“Your honor,” said Fyodor politely, “when you ordered a pair of boots from me I did not ask for the money in advance. One has first to carry out the order and then ask for payment.”
“Oh, very well!” the customer assented.
A bright flame suddenly flared up in the mortar, a pink thick smoke came puffing out, and there was a smell of burnt feathers and sulphur. When the smoke had subsided, Fyodor rubbed his eyes and saw that he was no longer Fyodor, no longer a shoemaker, but quite a different man, wearing a waistcoat and a watch-chain, in a new pair of trousers, and that he was sitting in an armchair at a big table. Two foot men were handing him dishes, bowing low and saying:
“Kindly eat, your honor, and may it do you good!”
What wealth! The footmen handed him a big piece of roast mutton and a dish of cucumbers, and then brought in a frying-pan a roast goose, and a little afterwards boiled pork with horse-radish cream. And how dignified, how genteel it all was! Fyodor ate, and before each dish drank a big glass of excellent vodka, like some general or some count. After the pork he was handed some boiled grain moistened with goose fat, then an omelette with bacon fat, then fried liver, and he went on eating and was delighted. What more? They served, too, a pie with onion and steamed turnip with kvass.

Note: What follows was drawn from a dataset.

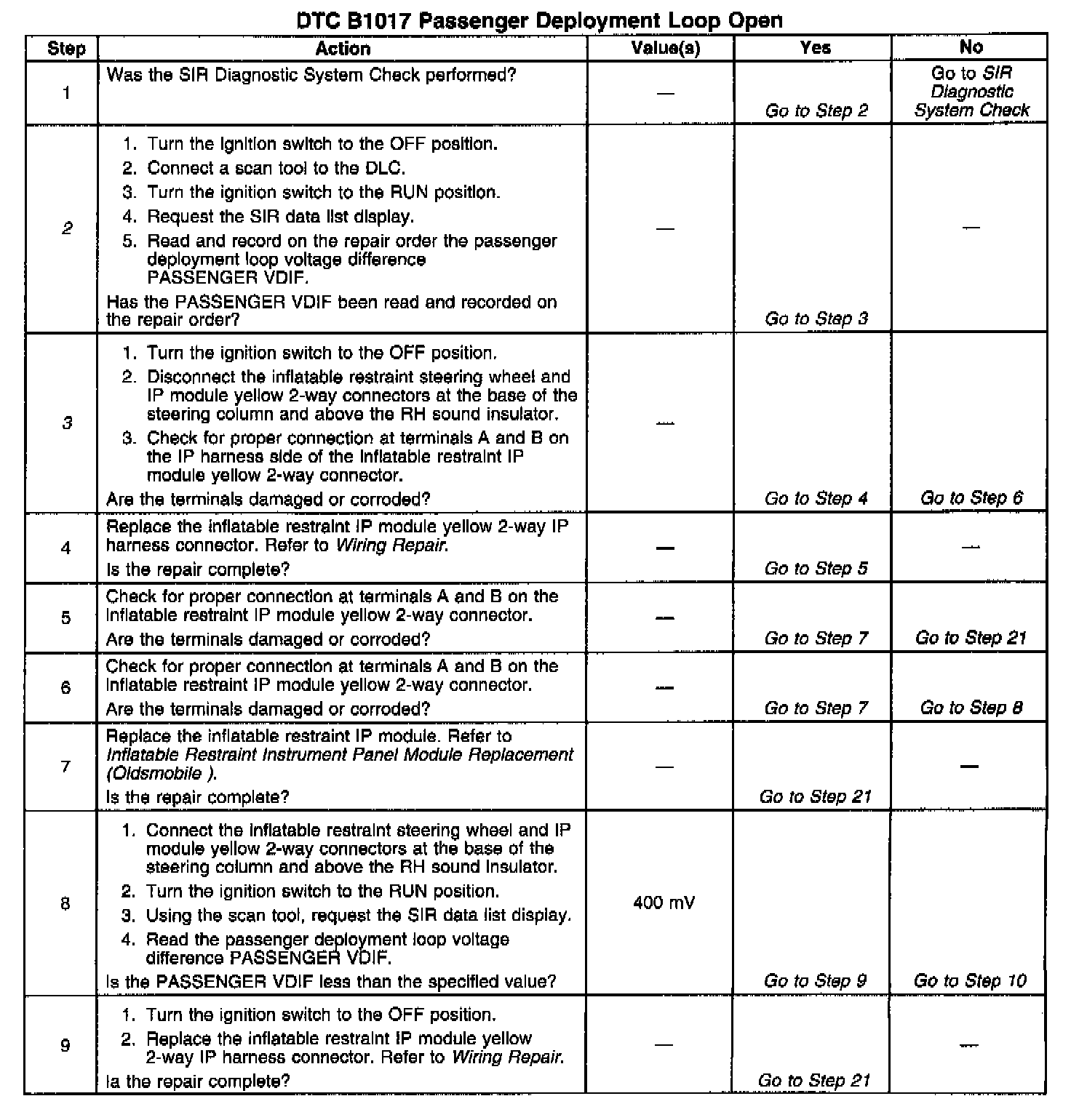 10. This test isolates the malfunction to one side of the Inflatable Restraint Instrument Panel (IP) module yellow 2-way connector.

“How is it the gentry don’t burst with such meals?” he thought.
In conclusion they handed him a big pot of honey. After dinner the devil appeared in blue spectacles and asked with a low bow:
“Are you satisfied with your dinner, Fyodor Pantelyeitch?”
But Fyodor could not answer one word, he was so stuffed after his dinner. The feeling of repletion was unpleasant, oppressive, and to distract his thoughts he looked at the boot on his left foot.
“For a boot like that I used not to take less than seven and a half roubles. What shoemaker made it?” he asked.